If this trend keeps going, SDK package names might end in -agent-sdk. Quick Start in READMEs stops teaching humans and starts teaching agents. Your competitor isn't a rival SaaS product. It's a rival SaaS product whose CLI agents prefer using.
DAU might need redefining
If a user calls your CLI 200 times a day through agents but never opens your app — is that user a daily active? If your investors are still measuring you with GUI-era metrics (MAU, DAU, retention), they might be holding the wrong ruler against a new world. Future measures: number of agents calling your CLI, daily API call volume, agent task success rate, percentage of your error messages that agents resolved without human intervention.

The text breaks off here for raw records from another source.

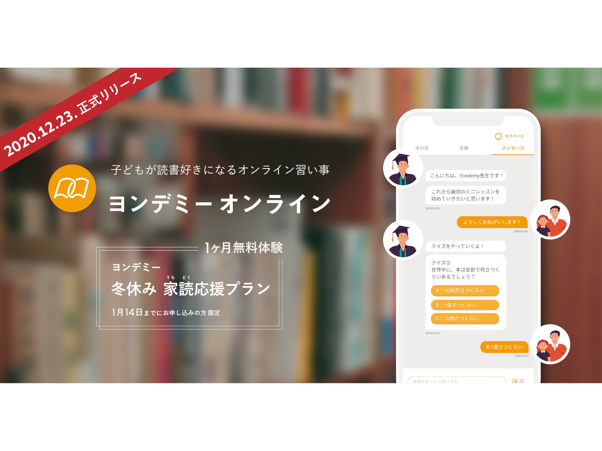 ヨンデミーオンラインは、5~14歳の児童を対象に、完全オンライン読書教育を行う習い事サービス。料金は月額定額制で、税抜2980円。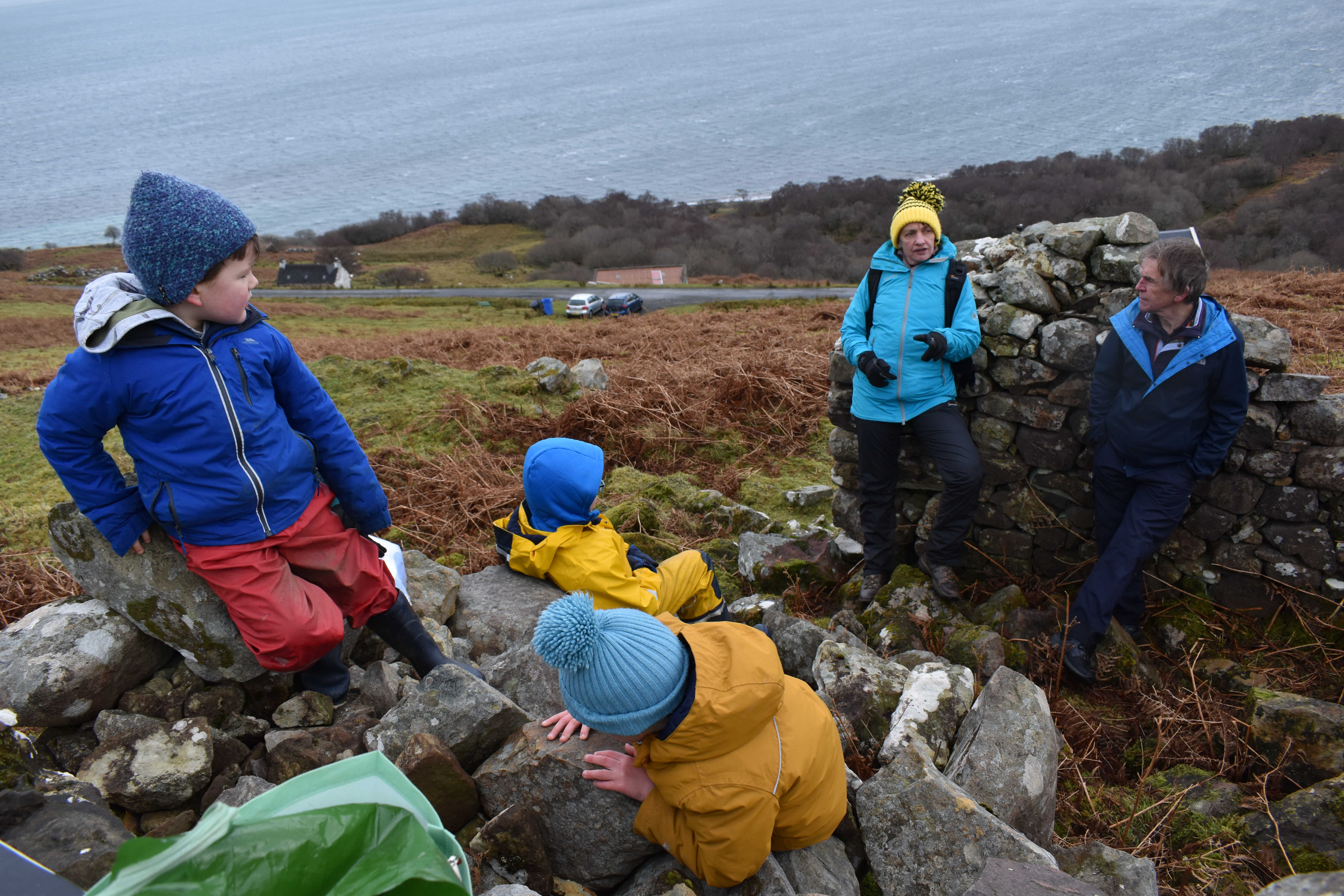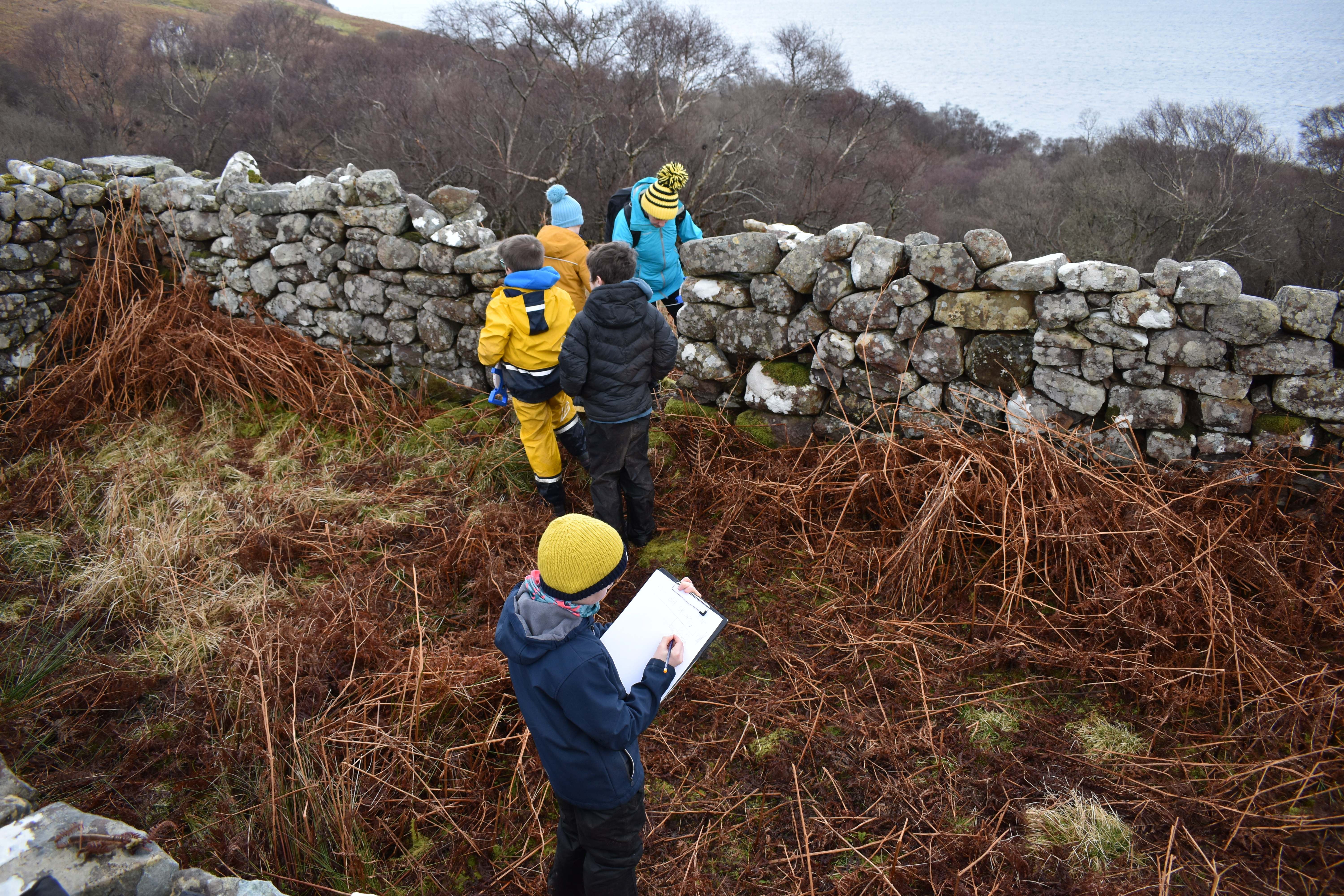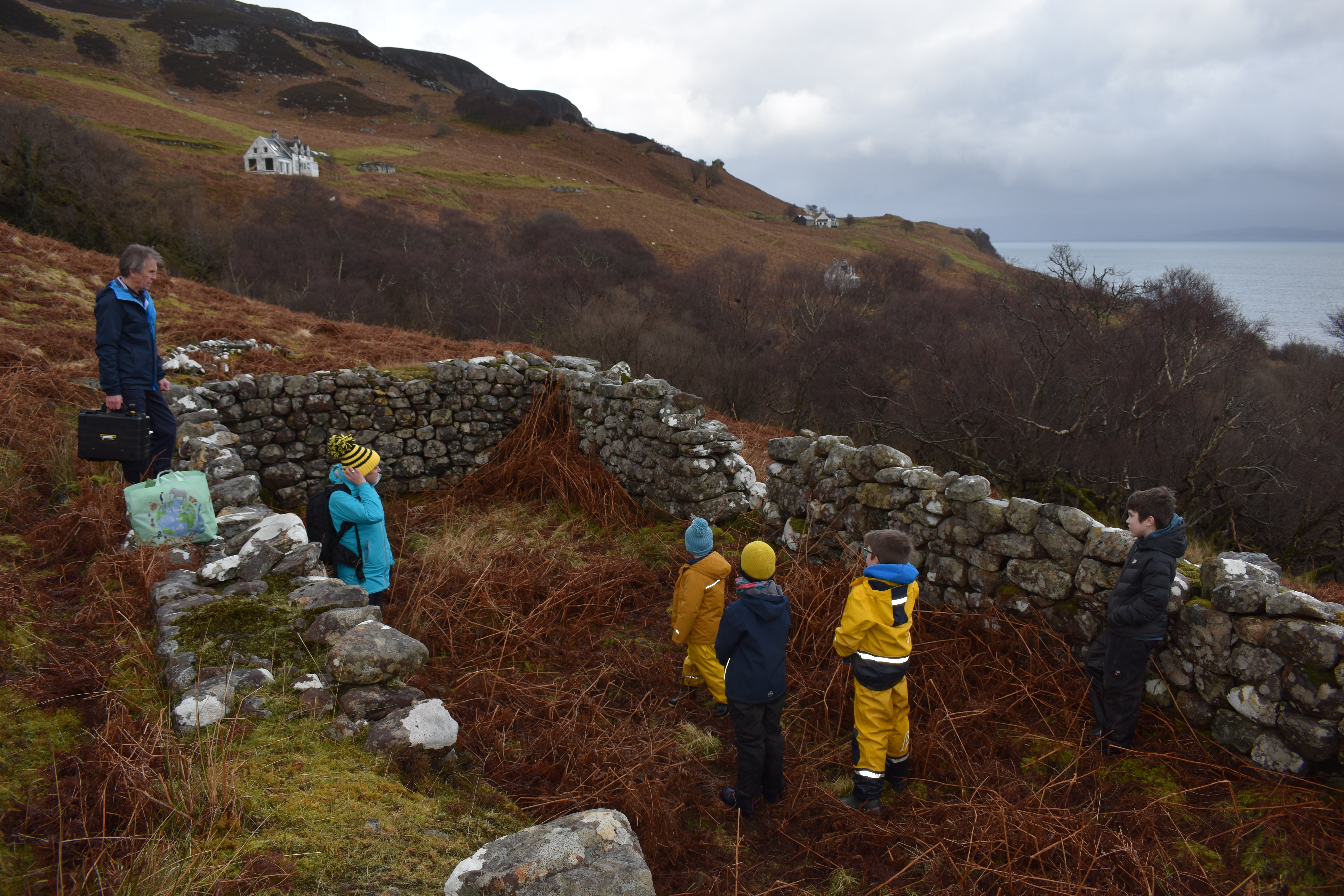 Pupils will be working with Anne Martin and Cailean MacLean over the next few weeks as part of the Treoir Project. The project is part of the ‘Year of Storytelling’ and pupils will be learning about how people on Raasay lived in the past. Their first fieldtrip was to the ruins of the settlements at Fearns where pupils studied the ruins to understand how people lived and what challenges they faced. They noted that the best preserved ruin was that which was used as the shop.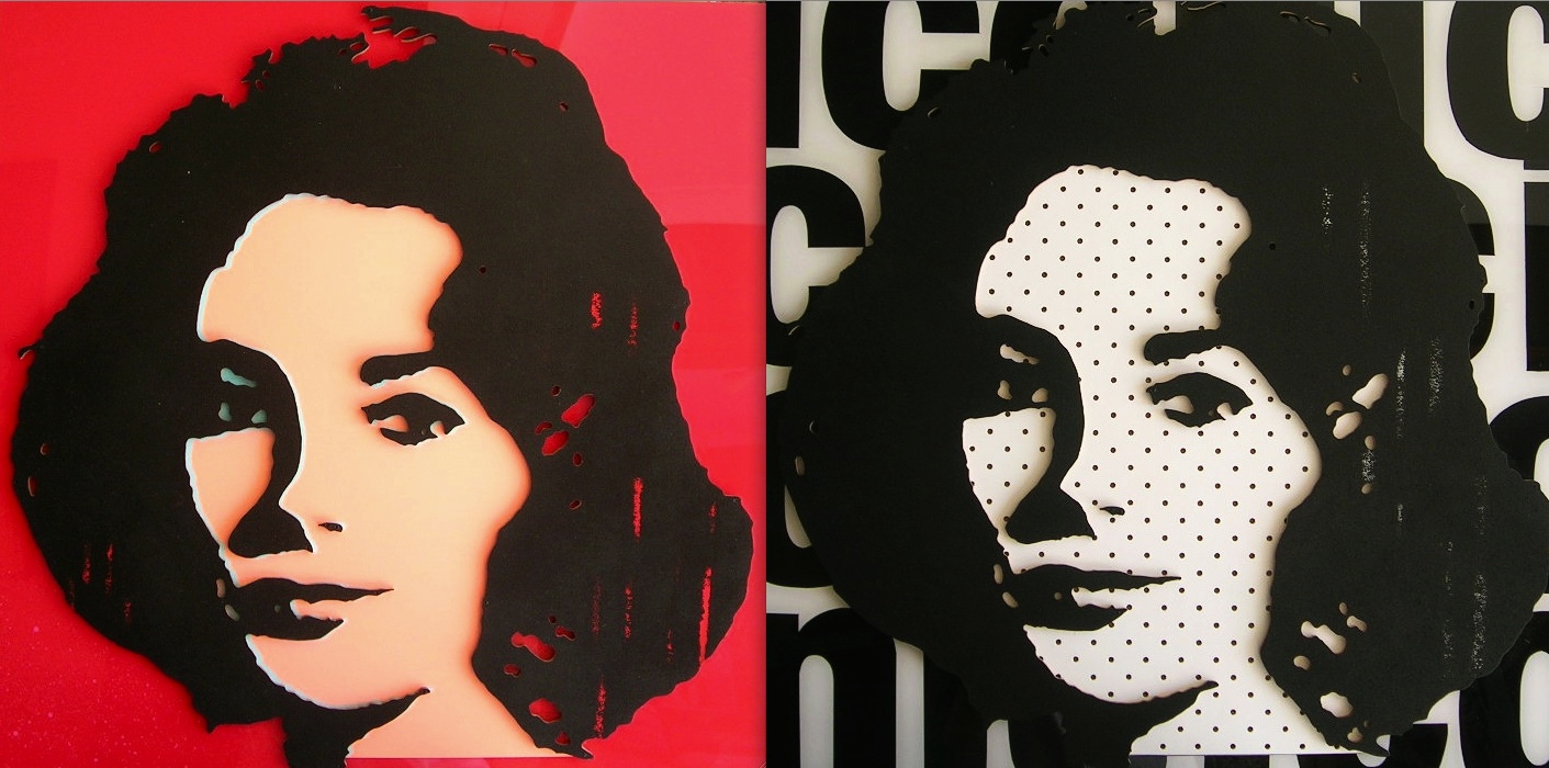 Liz Taylor, Artbydorfs spin on a Warhol classic. Perspex, masonite, epoxy, wood, enamel paint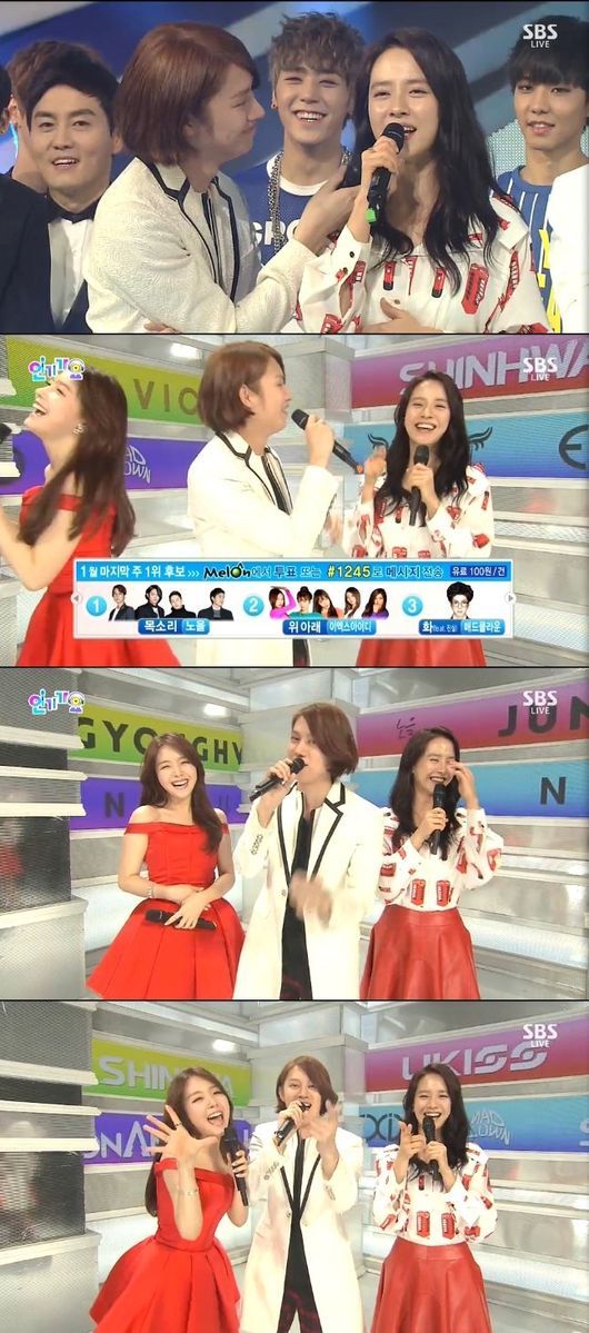 송지효는 25일 오후 생방송 SBS '인기가요'에서 1위 호명 후 "'인기가요'에 누를 끼쳐 죄송하다. '인기가요'의 인기가 영원했으면 좋겠고, 사랑한다"며 인사를 건넸다.

GUI won't die. It becomes the result-display layer.
Human speaks. Agent uses the CLI. Result renders in the GUI. Feishu's Wake Word already does this — in a meeting, you say one sentence; the agent uses the CLI to operate Feishu; you see the finished doc in the Feishu app. You operate via voice; the agent operates via CLI; the GUI displays the outcome.
Three layers each in their proper place: natural language is the human interface, CLI is the agent interface, GUI is the result interface.
SaaS without a CLI will be routed around
When an agent needs to complete a cross-product workflow — check calendar, send a message, update a sheet, write a doc — it preferentially picks products with a CLI or MCP Server. No CLI? The agent either uses Computer Use to simulate mouse clicks (slow, fragile, expensive), or routes around your product entirely.
That's why Feishu and DingTalk shipped CLIs simultaneously. Not because developers asked. Because agents need them. Whoever lays the interface first claims a spot in the agent's default toolchain. It's a user-acquisition war — except this time the user is an AI.
The CLI renaissance isn't nostalgia. Computers started on the command line. GUIs gave ordinary people access. Now the CLI is back — not for humans, for AIs. Human-computer interaction has traced a spiral: command line → GUI → command line (for AI) → next? Probably the three-layer arrangement: humans speak, agents use the CLI, the GUI displays the outcome. Looking back from there, March 2026's simultaneous Feishu / DingTalk / Google CLI launches will mark the start of the transition.